---
title: "Extract text, tables, and more from PDF server-side | Nutrient"
canonical_url: "https://www.nutrient.io/guides/document-engine/extraction/extract-data/"
md_url: "https://www.nutrient.io/guides/document-engine/extraction/extract-data.md"
last_updated: "2026-05-25T06:31:34.463Z"
description: "Discover how to extract data from PDFs using Document Engine."
---

# Extract text, tables, and more from PDFs

This guide explains how to extract data from PDFs using Document Engine.

You can extract the following pieces of information from a PDF document:

- Text

- Tables

- Key-value pairs. For more information, refer to the guide on [how key-value pair extraction works](https://www.nutrient.io/guides/document-engine/extraction/key-value-pairs/how-it-works.md).
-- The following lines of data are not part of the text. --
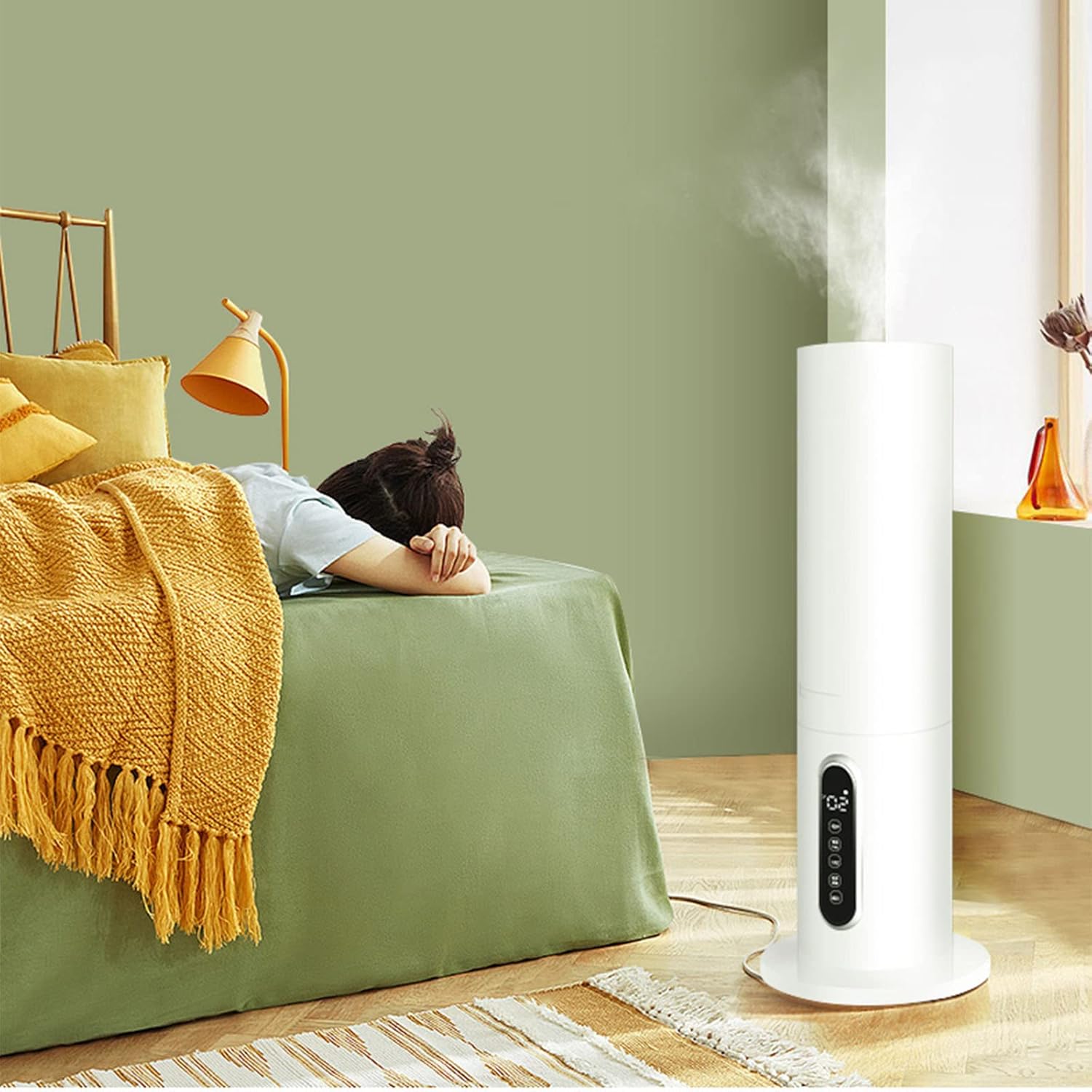 Product features CONSTANT SMART HUMIDITY Built-in humidistat accurately detects the humidity in your room. Auto adjusts to your preset humidity level. LED display will turn off on sleep mode. Low noise level will not disturb your relaxation, learning, working and sleeping. 3 ADJUSTABLE MIST LEVELS 3 mist level settings to switch between output make it easy to adjust the mist speed to your preference and provide free breathing. EASY ACCESS TO REFILLING The top fill design allows you to easily open it to add water to the tank. You don't even need to take out the tank to refill it, makes filling up a breeze. You can also fill the tap water directly. Product Information. Product Name: Smart Humidifier. Product capacity: 6L. Product power: 28 W. Product net weight: 2 kg. Use area: 40㎡. Product size: 22 x 22 x 58 cm. Product material: ABS. Power supply mode: rechargeable. Voltage: 100-240V universal. Mode of operation: touch. Number of fog outlets: one. Humidifier classification: humidification. Applicable object: Household Water tank capacity: 4.1L (inclusive)-6L (inclusive). Whether to support timing function: Yes. Packing list 1 x humidifier. 1 x user manual
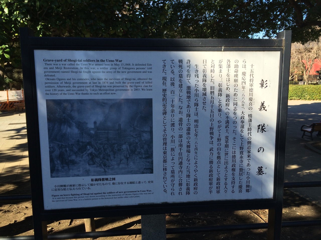 墓石には「彰義隊の墓」ではなく「戦死之墓」と刻まれているそうですが、あまりに達筆過ぎて正直よくわかりませんでした。墓石のまわりには柵がしてあります。
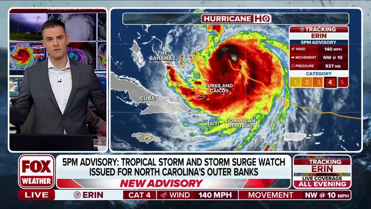 HATTERAS, N.C. – Tropical Storm and Storm Surge Watches have been issued for portions of North Carolina’s Outer Banks as extremely dangerous Hurricane Erin continues to barrel across the Atlantic as a major Category 4 hurricane.
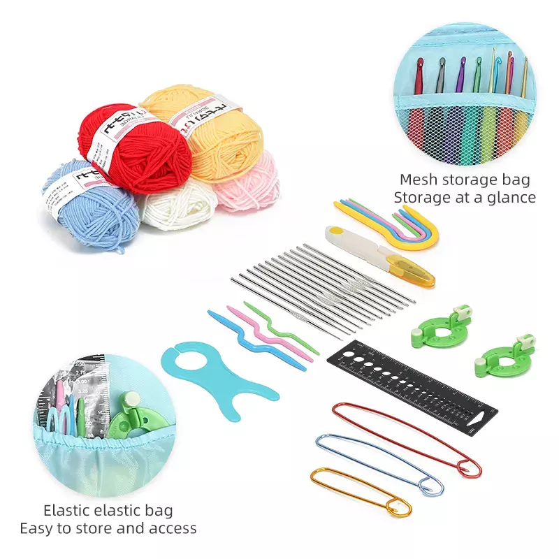 Набор для вязания крючком в косметичке, голубого цвета

## Sending the request to extract data

To extract data on all pages of a document, post a multipart request to the [`/api/build` endpoint](https://www.nutrient.io/api/reference/document-engine/upstream/#tag/Document-Editing/operation/build-document). In the instructions, specify the following output parameters:

- `type` specifies the output type. Set this to `json-content`.

- `plainText` is a Boolean value that determines whether to extract data as plain text.

- `structuredText` is a Boolean value that determines whether to extract data as structured text. Enabling this option gives you information about characters, lines, paragraphs, and words.

- `keyValuePairs` is a Boolean value that determines whether to extract key-value pairs.

- `tables` is a Boolean value that determines whether to extract table data.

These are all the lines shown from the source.